It's official: The first quarter was a huge pleasant surprise.
In a report fired off to clients, Deutsche Bank figures with 87 percent of the S&P 500 companies having reported, earnings for the March three-month period surged 18 percent year-over-year. This far exceeded the 12 percent expectation at the beginning of the quarter.
It was also the ninth consecutive quarter of sequential earnings growth.
Earnings were driven by cyclical sectors such as Materials (up 55 percent), Energy (up 40 percent) and Industrials (34 percent).
Altogether, revenues rose by a healthy 9 percent for the quarter, an indication that earnings were not solely driven by cost-cutting, a very good sign. In addition, revenues outpaced the year-over-year change in nominal GDP for the sixth consecutive quarter.
Deutsche Bank also points out that all 10 S&P 500 sectors saw margin expansion from year ago levels.

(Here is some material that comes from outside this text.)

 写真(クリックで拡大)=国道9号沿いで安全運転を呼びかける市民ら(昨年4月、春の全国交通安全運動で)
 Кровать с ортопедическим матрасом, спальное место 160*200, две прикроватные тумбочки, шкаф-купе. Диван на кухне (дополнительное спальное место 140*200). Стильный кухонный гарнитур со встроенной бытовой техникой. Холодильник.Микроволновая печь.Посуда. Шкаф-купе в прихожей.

Perhaps the only disappointment: Just 69 percent of companies beat earnings estimates, slightly less than the past equity quarter average of 74 percent.

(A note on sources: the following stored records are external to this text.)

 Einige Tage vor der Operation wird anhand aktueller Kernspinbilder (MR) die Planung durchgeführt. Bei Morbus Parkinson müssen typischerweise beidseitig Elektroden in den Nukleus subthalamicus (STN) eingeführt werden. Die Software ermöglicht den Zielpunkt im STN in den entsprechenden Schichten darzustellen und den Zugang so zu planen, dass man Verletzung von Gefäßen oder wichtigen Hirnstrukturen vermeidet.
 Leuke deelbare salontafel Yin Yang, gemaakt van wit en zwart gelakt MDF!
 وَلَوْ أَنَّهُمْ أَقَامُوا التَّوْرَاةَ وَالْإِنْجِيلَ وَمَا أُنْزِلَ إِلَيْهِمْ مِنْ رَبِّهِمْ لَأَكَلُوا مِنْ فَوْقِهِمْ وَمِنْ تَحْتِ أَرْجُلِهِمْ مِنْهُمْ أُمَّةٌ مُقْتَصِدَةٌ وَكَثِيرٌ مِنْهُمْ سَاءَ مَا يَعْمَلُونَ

In any case, Deutsche Bank cites four reasons the first quarter was better than expected.
It notes that the surge in commodity prices in the first quarter boosted the commodity related sectors as Materials and Energy. "In addition, these two sectors have seen the largest upward revisions to 2011 earnings year-to-date," DB adds.
The 6.5 percent decline in the dollar boosted companies that get a large portion of their earnings from overseas. They include Info tech, Materials and Energy
Strong overseas sales also boosted first-quarter results, thanks to the combination of a more competitive dollar and stronger growth overseas.
Finally companies benefitted from expanding margins.